Clinical Validation of a Molecular Test for Ciprofloxacin-Susceptibility in Neisseria Gonorrhoeae

Inclusion Criteria

• Willing and able to give voluntary written informed consent before any study related procedure is performed.
• 18 years or older, on the day of enrollment.
• Untreated gyrA serine 91 genotype N. gonorrhoeae of the rectum, or male or female urogenital tract, as determined by the gyrA test assay on a specimen collected within 30 days of enrollment.

*Subjects must have gyrA serine 91 genotype detected for N. gonorrhoeae from at least one non-pharyngeal site.

• Willing to abstain from sexual intercourse or use condoms during any sexual contact until the Test of Cure Visit (Visit 2, Day 5-10) is complete.
• Women of childbearing potential must have no vaginal intercourse 14 days before enrollment or use an effective birth control method for 30 days before enrollment and agree to continue through visit 2.

*A woman is considered of childbearing potential unless post-menopausal (greater than 2 years) or surgically sterilized (tubal ligation greater than 1 year, bilateral oophorectomy, or hysterectomy).

**Acceptable birth control methods for the purposes of this study may include abstinence from intercourse with a male partner, monogamous relationship with vasectomized partner, male condoms with the use of applied spermicide, intrauterine devices, and licensed hormonal methods. A highly effective method of contraception is defined as one that results in a low failure rate (i.e., less than 1 percent per year) when used consistently and correctly.

• Able to swallow pills.
• Willing to comply with protocol requirements, including availability for follow-up for the duration of the study.
• Agree to avoid systemic or intravaginal antibiotics with activity against N. gonorrhoeae from enrollment through Visit 2 (Day 5-10). Topical and intravaginal antifungals are permitted.
• Agree to avoid magnesium/aluminum antacids, sucralfate, didanosine, or highly buffered drugs, up to 2 hours after receipt of study drug.

Exclusion Criteria

• Known renal insufficiency from clinical history.
• Use of systemic or intravaginal antibiotics with potential activity against N. gonorrhoeae within 30 days prior to study drug administration.

*Topical and intravaginal antifungals are permitted.

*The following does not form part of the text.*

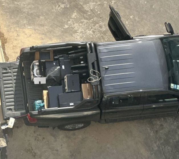 图像显示,诈骗团伙的电脑等设备被搬上了货车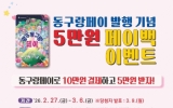 완도군 클릭뉴스2026. 02.24[클릭뉴스]광주 동구는 지역상권 활성화와 소비 촉진을 위해 동구 지역사랑상품권 ‘광주 동구랑페이’ 발행을 기념한 5만 원 페이백 이벤트를 추진한다고 밝혔다. 이번 이벤트는 오는 27일부터 오는 3월 6일까지 진행된다. 참여를 희망하는 주민은 이벤트 기간 내 동구랑페이 가맹점에서 동구랑페이카드로 10만 원 이상 결제한 뒤, 관련 영수증과 동구랑페이 실물 카드를 지참해 동구청 일자리경제과를 방문하면 응모할 수 있다. 참여자 가운데 총 100명을 추첨해 동구랑페이 선불카드 5만 원권을 지급할 예정이며 응모와 경품 수령은 1인 1회로 본…

• Use of systemic corticosteroid drugs or other immunosuppressive therapy within 30 days prior to enrollment.
• Receipt or planned receipt of an investigational product in a clinical trial within 30 days prior to or 7 days after treatment administration.
• Pregnant or breastfeeding.
• Clinical diagnosis of pelvic inflammatory disease or genital ulcer.
• Confirmed or suspected complicated or systemic gonococcal infection, such as abdominal pain, testicular pain, epididymitis, orchitis, arthritis, or endocarditis.
• Receipt of magnesium/aluminum antacids, sucralfate, didanosine, or highly buffered drugs, within 6 hours before receipt of study drug.
• Mutant N. gonorrhoeae gyrA serine 91 genotype from any anatomic site, as determined by the gyrA test assay on a specimen collected within 30 days of enrollment.
• Known allergy or history of adverse reaction to ciprofloxacin.
• Known allergy to quinolones.
• Previous enrollment in this study.
• Medical condition or other factor that in the judgment of the investigator might affect ability to comply with procedures.